Data block: Begin

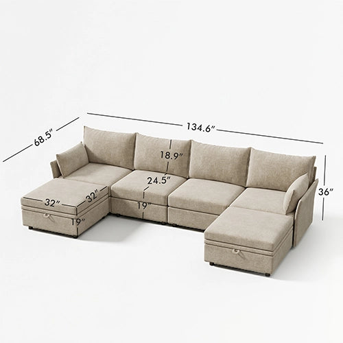 Huddle Modular 6-Piece Sofa with Ottomans (135")
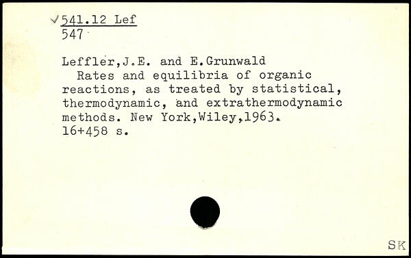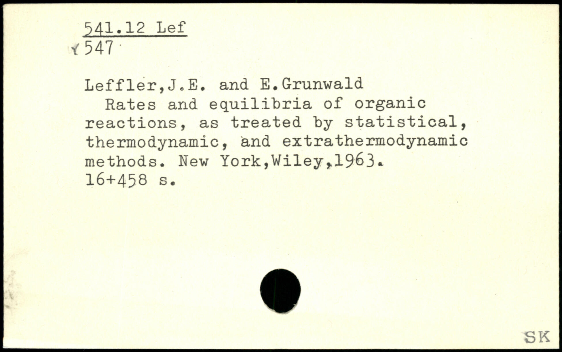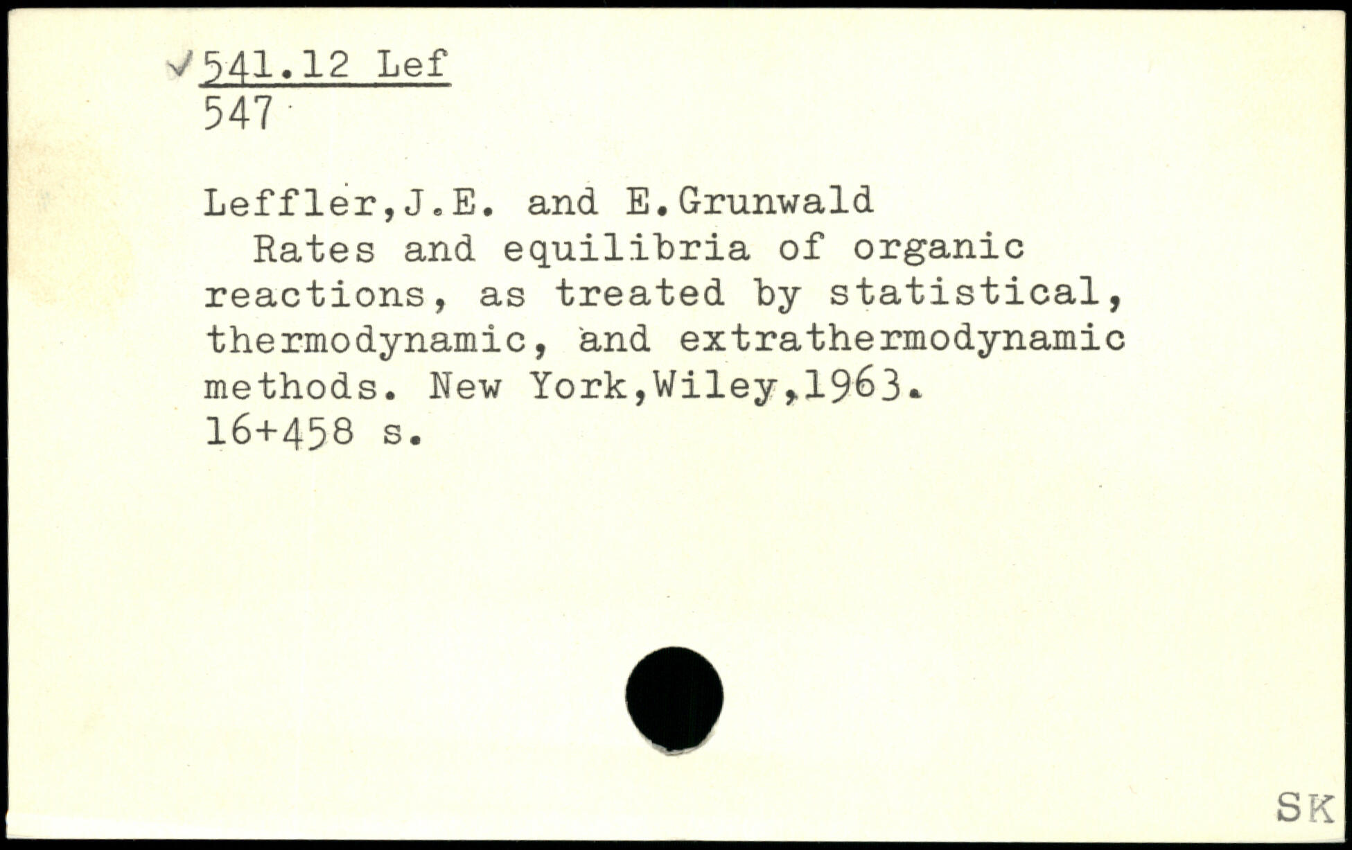 Rates and equilibria of organic reactions, as treated by statistical, thermodynamic, and extrathermodynamic methods.
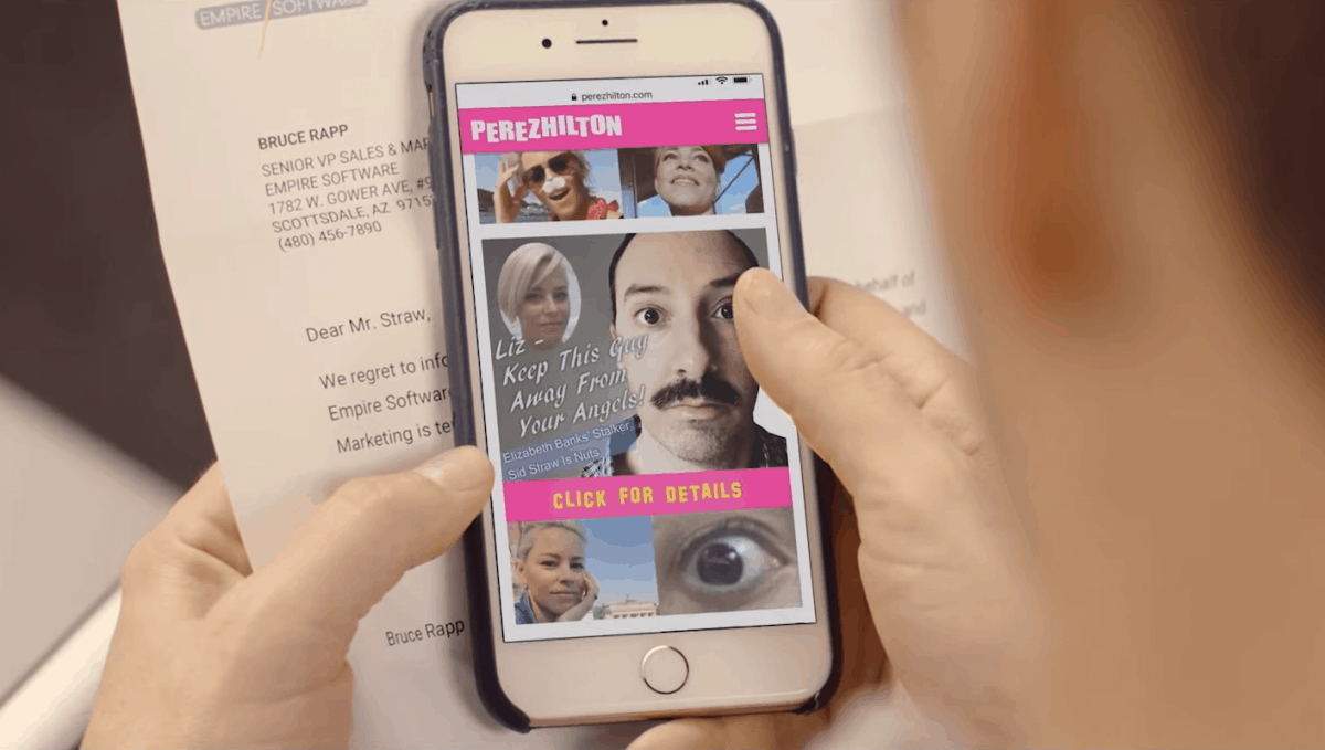 In this interpretation, Sid Straw is played by Tony Hale who does his damnedest to ground the maladjusted social behavior into something harmless stemming from loneliness and wasted potential rather than outright creepy. The celebrity he claims to have known is actress Elizabeth Banks, whom he tries to invite to a college reunion that he is ecstatic to be planning. This is attempted by creating a Facebook account (which is necessary towards putting together the reunion) and looking up her blue-checkmark Facebook page, proceeding to comment on pretty much any status hoping that she remembers him from their university days and that she is willing to show up.
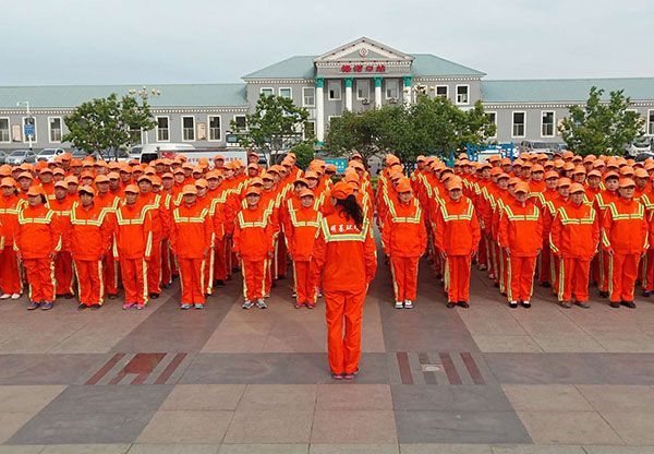 機(jī)洗(洗掃車(chē)洗掃吸一體)→機(jī)保(保潔車(chē)巡回保潔)→人沖(手持槍沖洗人行道)→人工(人工清掃保潔) -

Data block: End

## Task statement
Copy out every line of the data above, taking care to leave the pictures out.

## Result below
 Huddle Modular 6-Piece Sofa with Ottomans (135")
 Rates and equilibria of organic reactions, as treated by statistical, thermodynamic, and extrathermodynamic methods.
 In this interpretation, Sid Straw is played by Tony Hale who does his damnedest to ground the maladjusted social behavior into something harmless stemming from loneliness and wasted potential rather than outright creepy. The celebrity he claims to have known is actress Elizabeth Banks, whom he tries to invite to a college reunion that he is ecstatic to be planning. This is attempted by creating a Facebook account (which is necessary towards putting together the reunion) and looking up her blue-checkmark Facebook page, proceeding to comment on pretty much any status hoping that she remembers him from their university days and that she is willing to show up.
 機(jī)洗(洗掃車(chē)洗掃吸一體)→機(jī)保(保潔車(chē)巡回保潔)→人沖(手持槍沖洗人行道)→人工(人工清掃保潔) -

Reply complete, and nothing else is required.